EXCERPTED DATA ->
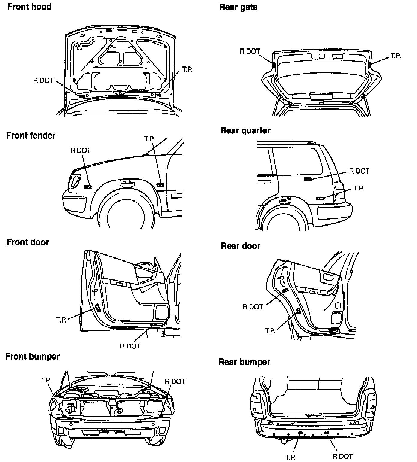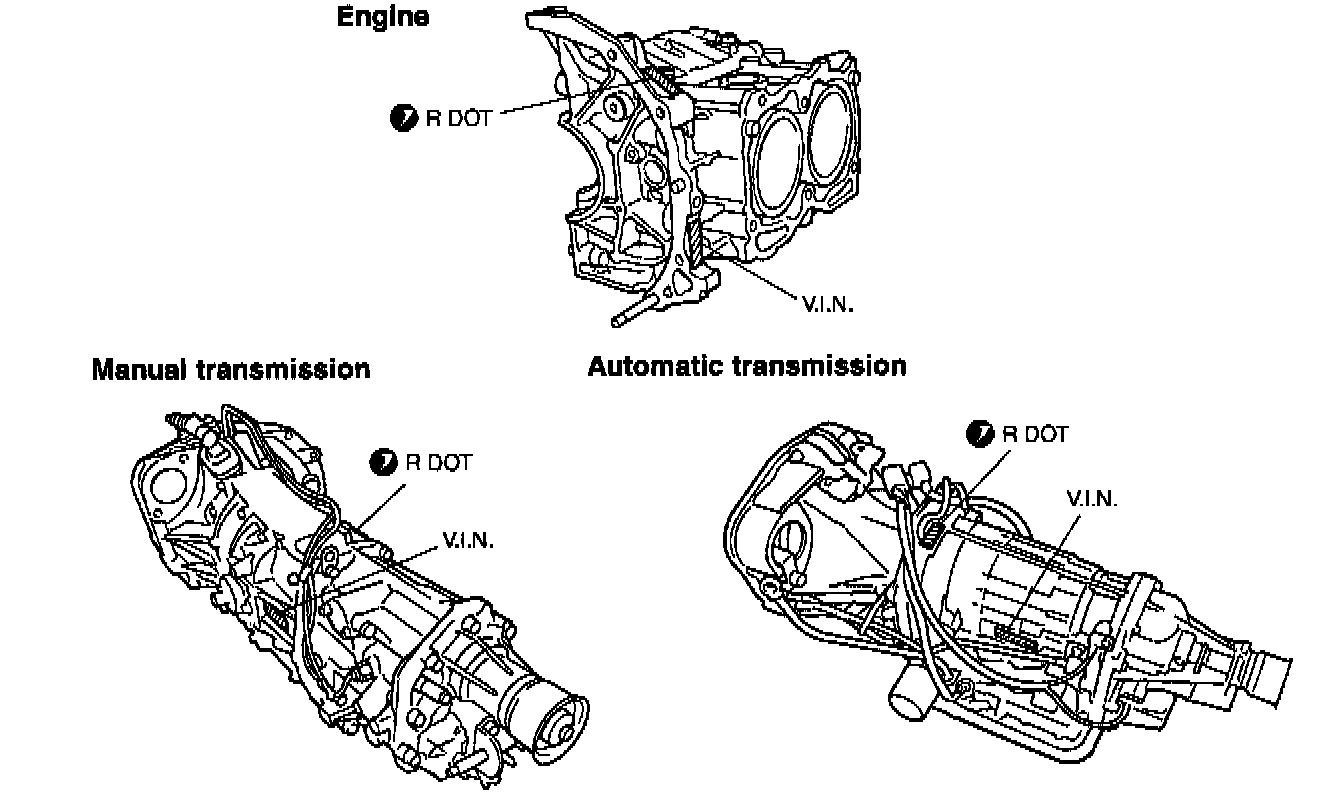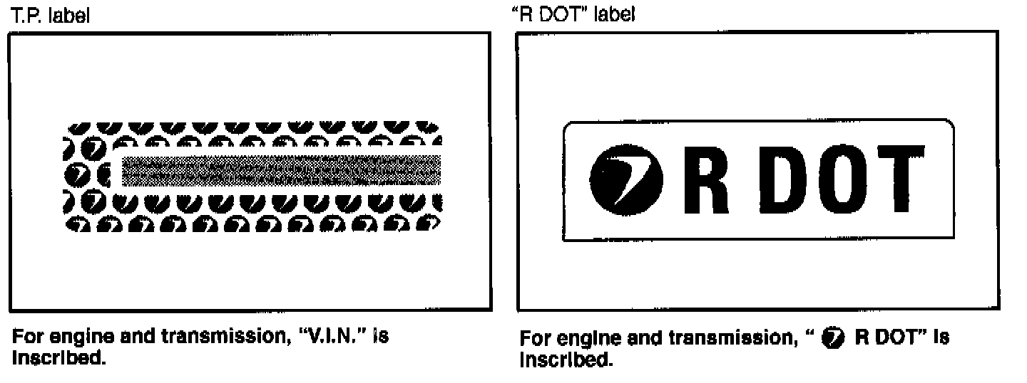 The Theft Prevention (IP) label is stuck or V.I.N. is inscribed on the main line installed parts shown below. Additionally, the "H DOT" label is stuck or "R DOT" is inscribed on the main spare parts shown.A: T.R LABEL AND "R DOT" LABEL
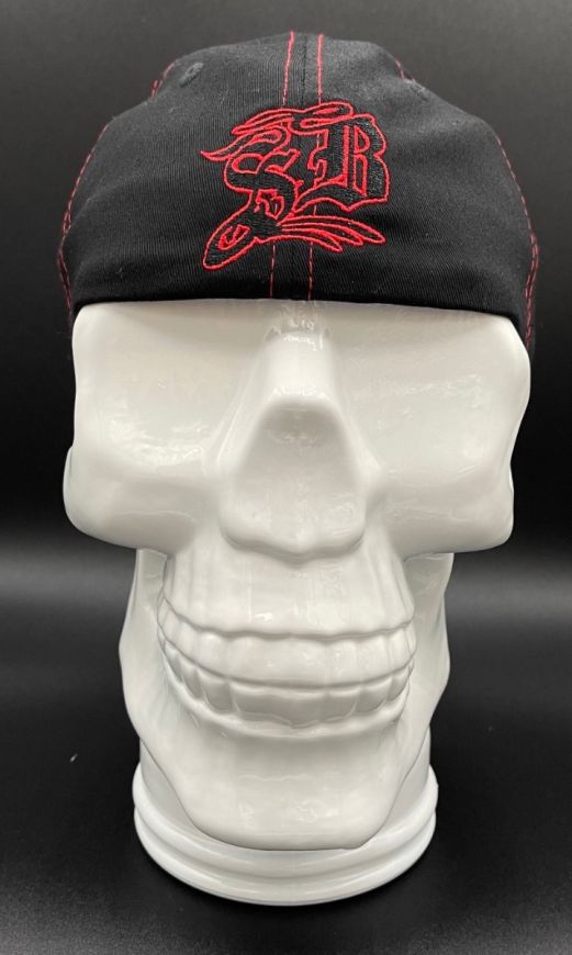 Sick Boy Motorcycles Red Z black baseball cap with "Sick Boy" on the front and "SB" on the back.
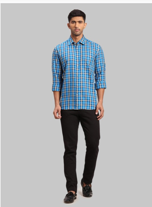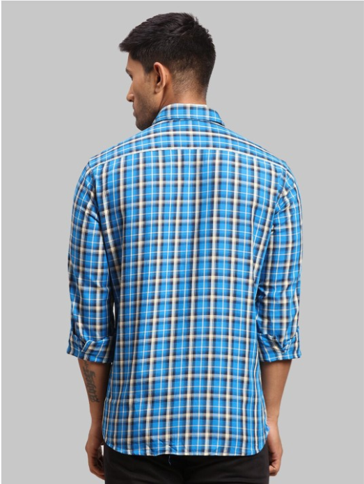 Blue and cream checked opaque casual shirt,has a spread collar, button placket,1 patch pocket.long regular sleeves,curved hem
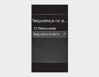 Com o interruptor da ignição ou o botão ENGINE START/STOP (Ligar/desligar o motor) na posição ON (Ligado), selecione “Driver Assistance (Assistência ao condutor) → Parking Safety (Segurança no estacionamento) → Rear Cross-Traffic Safety (Segurança de tráfego cruzado à retaguarda)” no menu “Settings” (Definições) para ativar a Segurança de tráfego cruzado à retaguarda e desmarque para desativar a função.
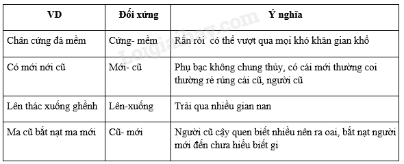 Em có thể tìm trong sách vở, internet hoặc theo hiểu biết của bản thân mình những thành ngữ tương quan đối xứng với nhau
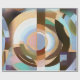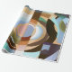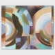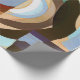 O papel de envolvimento retro do estilo do art deco com uma torção abstrata moderna que caracteriza um na moda pintou o teste padrão gráfico do círculo em marrons mornos ricos e em azuis pulverulentos macios.
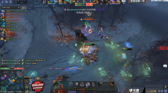 42分钟EG开雾找到落单的末日,老十一冷静勾引,等队友赶到依靠完美的技能衔接,打了EG一个人团灭,血赚!无人阵亡的KG破掉对方两路高地,经济领先来到了12K。
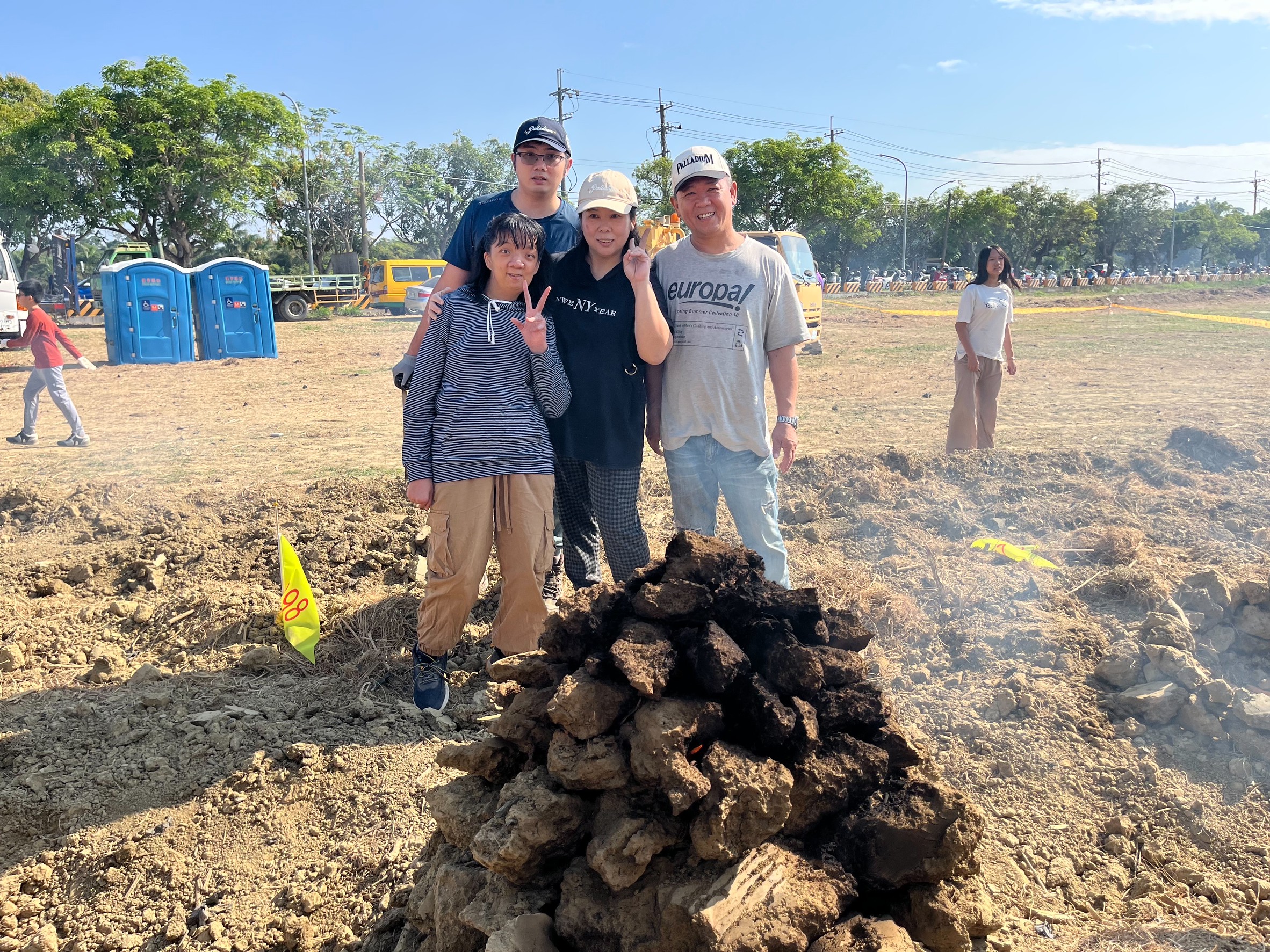 今日活動社會局邀請身心障礙兒童與其家人及社區式服務對象,身障兒童小菲因為行動不便,平常需依靠輪椅代步,平常外出活動的機會不多,這是她和爸爸媽媽一起參加人生第一次的焢窯體驗,焢窯時,小菲非常興奮,吵著要一起幫忙。另一位小恩,平時在社區式單位上課,得知社會局提供焢窯活動時,立刻邀朋友一起報名,活動當天,他主動搬土塊堆窯、忙得滿頭大汗。小恩笑著說:「這是我第一次參加焢窯活動,雖然有點累,但能吃到熱騰騰的烤地瓜真的很開心!下次還要再揪朋友一起來!」。活動不僅讓不同背景的家庭走出戶外、親近土地,也在自然交流中展現身心障礙者與一般民眾共融的溫度,進一步強化社會的理解與接納,體現更包容、更友善的城市氛圍。
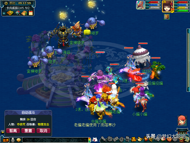 起罗汉这里大部分怪物都是法系,村长是封系最后杀就行,他左右两个是大唐开局点杀一个他们血量降低一半后无法出手,然后封狂刀(鲛人),慢慢清掉灵蛇(变鲛人卡可以克制灵蛇)

WORK ORDER -> Pictures are not part of the copy. Extract exactly the lines from the line containing "今日活動社會局邀請身心障礙兒" through the final line of the entries above, both included.

ANSWER FOR THIS EXERCISE ->
 今日活動社會局邀請身心障礙兒童與其家人及社區式服務對象,身障兒童小菲因為行動不便,平常需依靠輪椅代步,平常外出活動的機會不多,這是她和爸爸媽媽一起參加人生第一次的焢窯體驗,焢窯時,小菲非常興奮,吵著要一起幫忙。另一位小恩,平時在社區式單位上課,得知社會局提供焢窯活動時,立刻邀朋友一起報名,活動當天,他主動搬土塊堆窯、忙得滿頭大汗。小恩笑著說:「這是我第一次參加焢窯活動,雖然有點累,但能吃到熱騰騰的烤地瓜真的很開心!下次還要再揪朋友一起來!」。活動不僅讓不同背景的家庭走出戶外、親近土地,也在自然交流中展現身心障礙者與一般民眾共融的溫度,進一步強化社會的理解與接納,體現更包容、更友善的城市氛圍。
 起罗汉这里大部分怪物都是法系,村长是封系最后杀就行,他左右两个是大唐开局点杀一个他们血量降低一半后无法出手,然后封狂刀(鲛人),慢慢清掉灵蛇(变鲛人卡可以克制灵蛇)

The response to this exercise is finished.